Soil resources mediate the strength of species but not trait convergence across grassland restorations

Citation

Catano, Christopher et al. (2021), Soil resources mediate the strength of species but not trait convergence across grassland restorations, Dryad, Dataset, https://doi.org/10.5061/dryad.5x69p8d32

Abstract

Ecological restoration is notoriously unpredictable because similar actions can result in different outcomes. Outcomes can also differ for species and functional components of communities depending on how restoration actions and abiotic conditions alter community assembly trajectories. Quantifying variation in community trajectories across restorations for both species and traits is rare, but can help to resolve underlying assembly processes and refine strategies to maximize restoration success. We quantified the importance of soil resources, seed mix richness, and prescribed fire for variation in plant species and functional trait trajectories over six years across 20 restored tallgrass prairies in the midwestern United States. We predicted stronger convergence for traits than species, with species and trait compositions converging more across restorations on resource-poor soils and with frequent fires due to stronger abiotic filtering. In contrast, we predicted species and trait compositions would converge more slowly or diverge across restorations with resource-rich soils, with less frequent fires, and seeded with more species due to weaker filtering and more stochasticity. Communities generally converged over time; however, the rate of convergence was determined by soil resources, not restoration actions. Restorations converged more across resource-rich sites. In contrast to patterns of species convergence, variation in trait composition remained stable over time regardless of soil resources or restoration actions. The unexpected pattern of species, but not trait, convergence during community assembly appears to result from increasing dominance of a native C4 bunchgrass, Andropogon gerardii, that coincides with proportional declines of other C4 grasses that share similar traits. Synthesis and applications: restoration outcomes may be more predictable than typically considered. Trait compositions were stable and variation in species compositions decreased over time owing to site conditions, where resource-rich soils produced more consistent outcomes. Our study shows monitoring multiple facets of biodiversity across restorations can reveal why outcomes vary and inform broad-scale restoration planning. 

Methods

The datasets were collected in 20 restored tallgrass prairies in southwestern Michigan, USA. The raw data and code provided were used to derive the analysis dataset (also included) to produce all results and figures reported in the main paper referenced above. 

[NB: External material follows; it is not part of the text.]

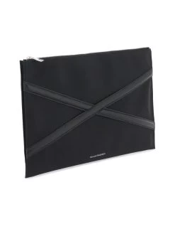 This sleek pouch features a durable nylon construction complemented by sophisticated leather harness detailing. Boasting a clean design, its zipper closure opens to reveal a contrasting lined interior equipped with three leather credit card slots and nifty silver-finished hardware. Its functionality makes it a stylish companion for the contemporary man about town.

species_plot_data.csv: This data file includes herbaceous plant community composition data sampled in 2011, 2013, and 2016 for each of 20 restored tallgrass prairies in Southwestern Michigan. Values denote the percent cover of each plant in 10 1-m2 plots spaced evennely along 45-m transects randomly oriented in the center of each site. Species percent cover in a given plot can sum to more than 1 if individuals are overlapping, or sum to less than 1 when bareground is present. 

site_predictors.csv: This data file includes all the site identifiers and predictor variables (soil types, prescribed fire frequency, seed mix richness) used in the analyses. 

DATA_model_metrics: This data file includes the final species and trait dissimilarities, along with all relevant predictor variables, used to model changes in variation in community composition across restorations. Species and trait dissimilarity values are the distance from the centroids of all sites in principal coordinate space. These values are calculated from the raw composition data using the accompanying R scripts. 

Usage Notes

See README_catano_datasets.txt for metadata and usage notes

The readme file contains descriptions for each dataset and variables. It also details script used to produced the derived data used in analyses. Full details of analyses and methods are described in the associated manuscript referenced above.